Excerpted data:
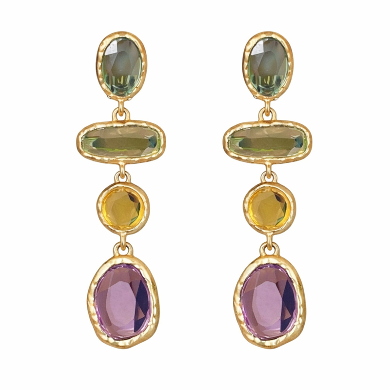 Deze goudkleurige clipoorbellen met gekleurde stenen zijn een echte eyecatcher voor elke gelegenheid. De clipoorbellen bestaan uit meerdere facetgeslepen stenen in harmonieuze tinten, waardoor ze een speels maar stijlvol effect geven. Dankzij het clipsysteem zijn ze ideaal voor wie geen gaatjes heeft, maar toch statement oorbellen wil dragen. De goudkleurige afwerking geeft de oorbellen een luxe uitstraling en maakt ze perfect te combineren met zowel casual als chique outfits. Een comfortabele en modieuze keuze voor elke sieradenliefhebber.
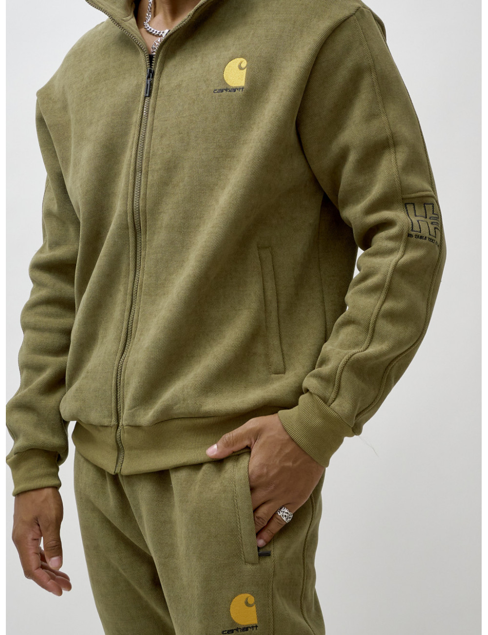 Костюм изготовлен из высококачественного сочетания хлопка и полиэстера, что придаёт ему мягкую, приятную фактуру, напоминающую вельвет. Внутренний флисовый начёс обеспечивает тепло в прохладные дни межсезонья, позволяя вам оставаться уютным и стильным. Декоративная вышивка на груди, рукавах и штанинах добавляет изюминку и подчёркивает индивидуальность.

--

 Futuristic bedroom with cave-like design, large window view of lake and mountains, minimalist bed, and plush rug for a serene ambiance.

What the exercise asks:
From the material above, give again exactly the lines from the one that contains "Deze goudkleurige clipoorbellen" through the one that contains "Костюм изготовлен из", and leave out the pictures.

Solution to this problem:
 Deze goudkleurige clipoorbellen met gekleurde stenen zijn een echte eyecatcher voor elke gelegenheid. De clipoorbellen bestaan uit meerdere facetgeslepen stenen in harmonieuze tinten, waardoor ze een speels maar stijlvol effect geven. Dankzij het clipsysteem zijn ze ideaal voor wie geen gaatjes heeft, maar toch statement oorbellen wil dragen. De goudkleurige afwerking geeft de oorbellen een luxe uitstraling en maakt ze perfect te combineren met zowel casual als chique outfits. Een comfortabele en modieuze keuze voor elke sieradenliefhebber.
 Костюм изготовлен из высококачественного сочетания хлопка и полиэстера, что придаёт ему мягкую, приятную фактуру, напоминающую вельвет. Внутренний флисовый начёс обеспечивает тепло в прохладные дни межсезонья, позволяя вам оставаться уютным и стильным. Декоративная вышивка на груди, рукавах и штанинах добавляет изюминку и подчёркивает индивидуальность.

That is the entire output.